A daughter, Judith Magee, said he attended Dartmouth College and acted with the Dartmouth Players.

But, she said, he left after his junior year in 1933 to become an actor and press agent at the Hedgerow Theatre in Rose Valley, Delaware County, where he had worked summers since 1931.

In the Foulkeways interview, Mr. Jacobson recalled that during his years at Hedgerow, "we had two great tours across the country in a bus and a truck stuffed with scenery, costumes, and a portable stage."

David A. Long, a Foulkeways neighbor, had been interviewing Mr. Jacobson for his memoir.

Mr. Long said that after Hedgerow, Mr. Jacobson was a press agent for a season at the Erlanger, handled publicity for the American Friends Service Committee, spent a season at the Bucks County Playhouse in New Hope, and worked for Broadway producer George Abbott.

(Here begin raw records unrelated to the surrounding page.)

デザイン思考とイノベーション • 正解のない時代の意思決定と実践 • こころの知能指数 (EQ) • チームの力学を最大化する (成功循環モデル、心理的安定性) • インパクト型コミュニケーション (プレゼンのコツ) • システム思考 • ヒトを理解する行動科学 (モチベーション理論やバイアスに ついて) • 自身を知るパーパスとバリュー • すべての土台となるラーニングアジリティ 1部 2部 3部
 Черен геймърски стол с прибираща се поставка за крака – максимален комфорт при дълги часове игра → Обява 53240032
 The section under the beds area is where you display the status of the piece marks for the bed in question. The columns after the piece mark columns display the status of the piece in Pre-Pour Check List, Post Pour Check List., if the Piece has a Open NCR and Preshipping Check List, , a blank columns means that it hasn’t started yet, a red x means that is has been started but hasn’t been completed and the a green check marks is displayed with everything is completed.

A 1944 article in the Philadelphia Record reported that the 32-year-old Army private had been wounded by shrapnel in the right leg and right hand in France and was recovering in an English hospital.

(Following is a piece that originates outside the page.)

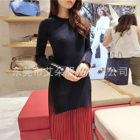 秋冬 英倫風(fēng)金屬扣開衩緊身顯瘦上衣長款針織衫毛衣女 /

It identified the New Hope resident, in the days before he joined the Army, as a press agent at the Manhattan firm of Richard Laney, where he represented such stars as Katharine Cornell.

A daughter, Barbara Zimmerman, said that besides his theatrical work, Mr. Jacobson was a clerk of the Wrightstown Friends Meeting for two years in the 1950s.

And, she said, he was a delegate to Friends international conferences in Sweden and Switzerland.

In addition to his daughters Judith and Barbara, Mr. Jacobson is survived by his wife, Barbara Saul Sprogell Jacobson; four stepchildren; five grandchildren; and three great-grandchildren. His wife of 37 years, Barbara Scott Jacobson, died in 1972.

A memorial at Foulkeways is planned but no date has been set.